The constructed home

A prayer in honour of Kulla, god of bricks: ‘Kulla, god of bricks, Lord of foundations and walls, because you are kind I implore you that the house that you built may last many years’.

Keramos in Ancient Greek (where ‘ceramic’ comes from), meant clay, but also tile and brick.

From foundations to roofing, all building elements may be made in adobe or terracotta: a mixture of fine clay, water and sand or straw that stops the moulded piece deforming. 11,000 years ago, the first bricks in history were shaped with river pebbles used to construct shacks in the Palestinian city of Jericho. Four thousand years later, in Mesopotamia, wooden moulds were used to produce identical bricks to make construction easier, and structural elements such as columns were made with triangular or circular bricks. In Rome, solid H-shaped pieces of terracotta formed ribs between which were fitted with thin ceramic sheets, thus allowing vaults to be built.
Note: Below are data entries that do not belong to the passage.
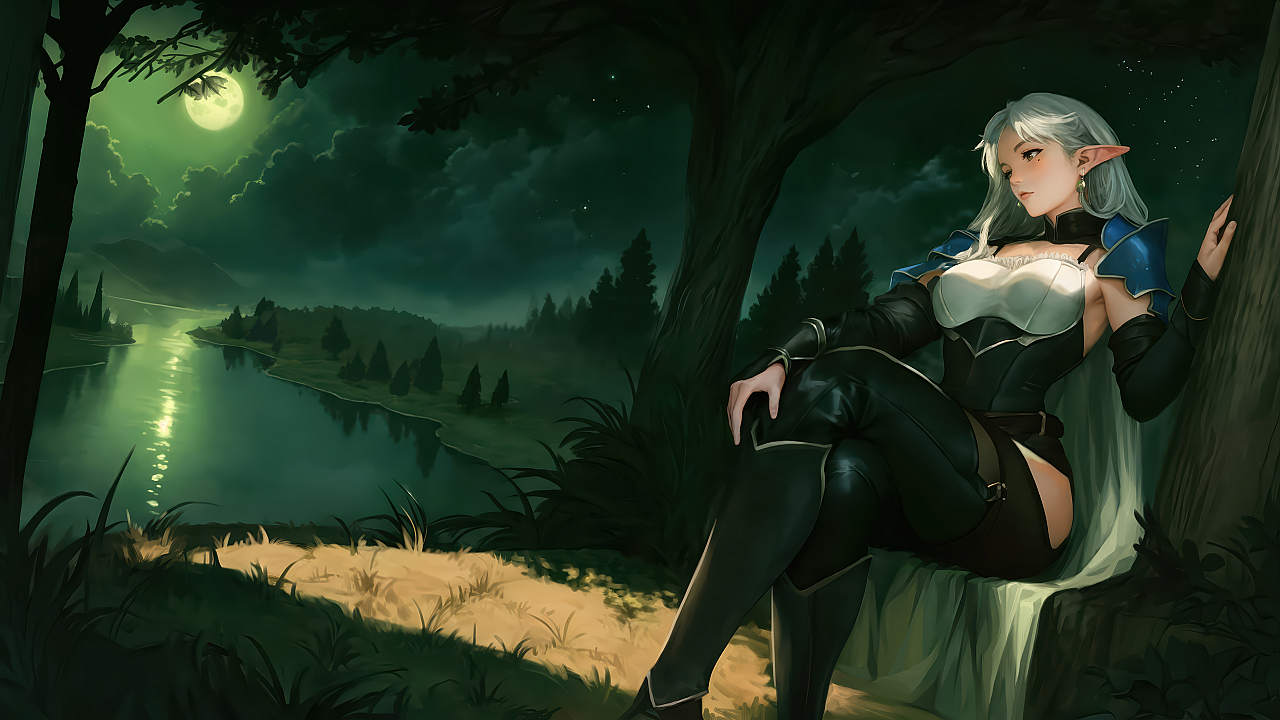 This stunning wallpaper features a beautiful elf girl bathed in the silvery light of a night moon. The scene is filled with fantasy elements, creating a magical and dreamy atmosphere. Perfect for adding a touch of whimsical enchantment to your desktop or mobile device.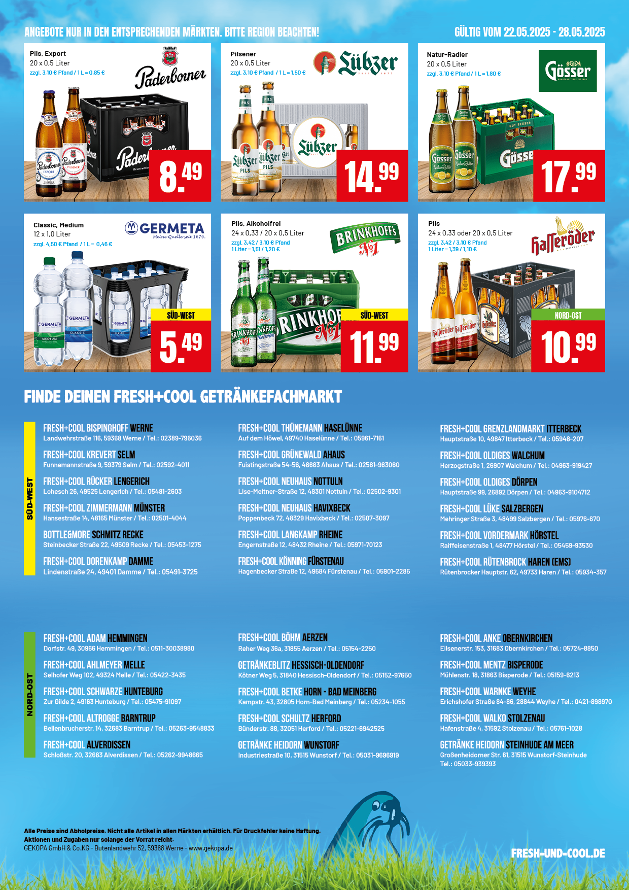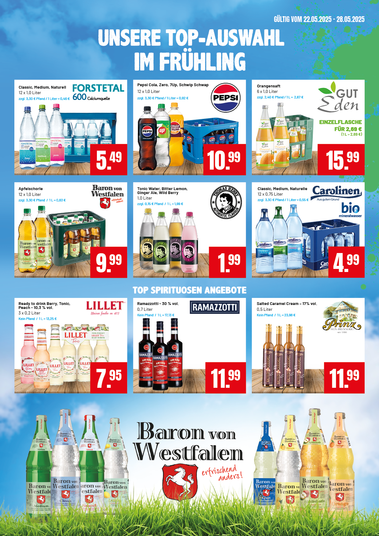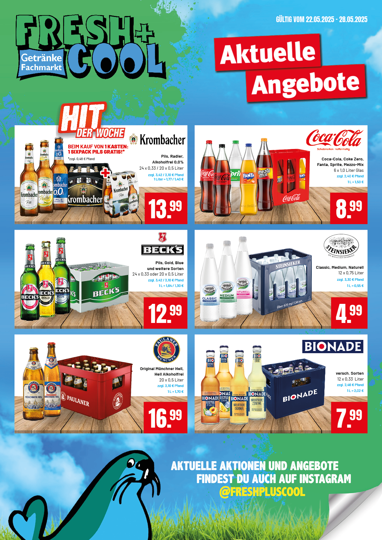 Die Woche gibt es bei 1 Kiste Krombacher 1 Sixpack Pils dazu. Außerdem haben wir Gösser Naturradler und Baron von Westfalen Apfelschorle im Angebot.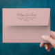 Chic, modern and simple wedding return address envelope with your names in off-black elegant handwritten script calligraphy on a dusty pink background. Simply add your names and address. Exclusively designed for you by Happy Dolphin Studio. If you need any help or matching products please contact us at through our store chat. We're happy to help you make your wedding the most beautiful day!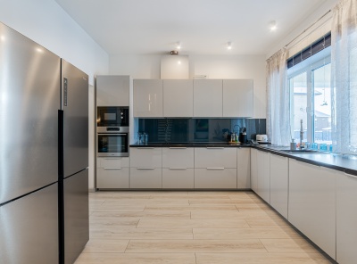 Продажа загородного дома площадью 420 кв.м. Новорижское шоссе, 23 км от МКАД. Коттеджный поселок Новорижский. Дом построен в 2 этажа из газоблока в стиле хайтек. Интерьер выполнен в современном стиле с панорамным остеклением. Все коммуникации разведены (материалы премиум класса), первый этаж - теплые водяные полы. В котельной медная опрессовка. Участок 12 соток, правильной формы. Ведутся работы по фасаду. Парковка на 4 м/м. Все коммуникации центральные.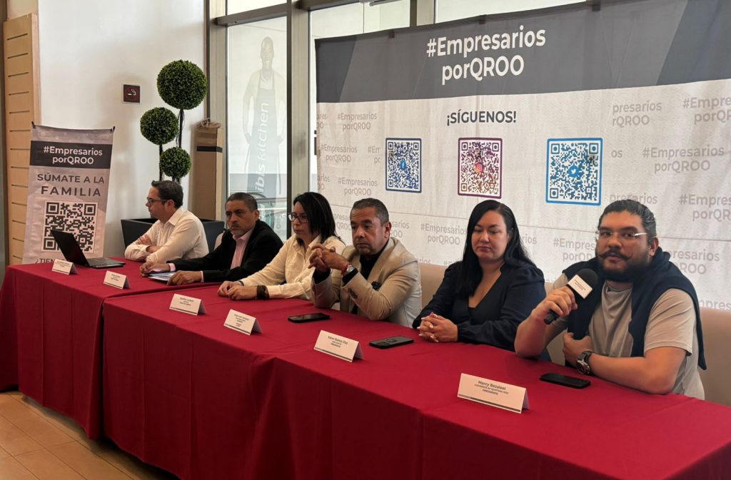Marcy Bezaleel Pacheco, presidente de Cocineros de Quintana Roo dio los detalles del certamen acompañado de Sergio León, presidente de Empresarios por Quintana Roo, entre otros invitados.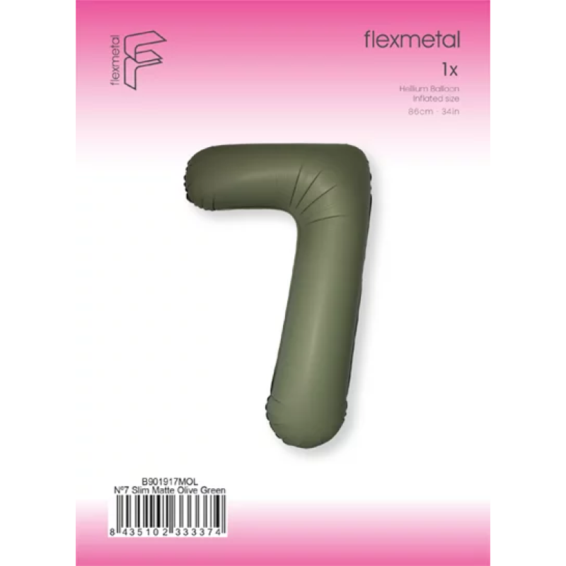 Шар (40''/102 см) Цифра, 7 Slim, Оливковый, Матовый, 1 шт. в уп., B901917MOL

The arches of the Roman Republic baths at Cabrera de Mar, however, used a structure that was unique in the Roman world: hollow cone-shaped pieces were set into one another forming long ribs that curved naturally. Holes in the bases of the pieces allowed for a metal crosspiece that joined the various ribs.

Buildings were connected to the urban fabric thanks to conduits like the imposing aqueduct channels that brought water to the city of Athens in the 6th century BC.

The process of covering of open spaces with vaults and domes was improved thanks to the placing of thin fireproof ceramic pieces in a version of the typical Catalan vault designed in the latter half of the 19th century by the Valencian Rafael Guastavino.

The ease of construction with ceramic materials has sadly degenerated into the devastating ‘brick worship’ that contemporary artists have denounced, and that a new generation of artists have turned their back on by means of bare masonry houses.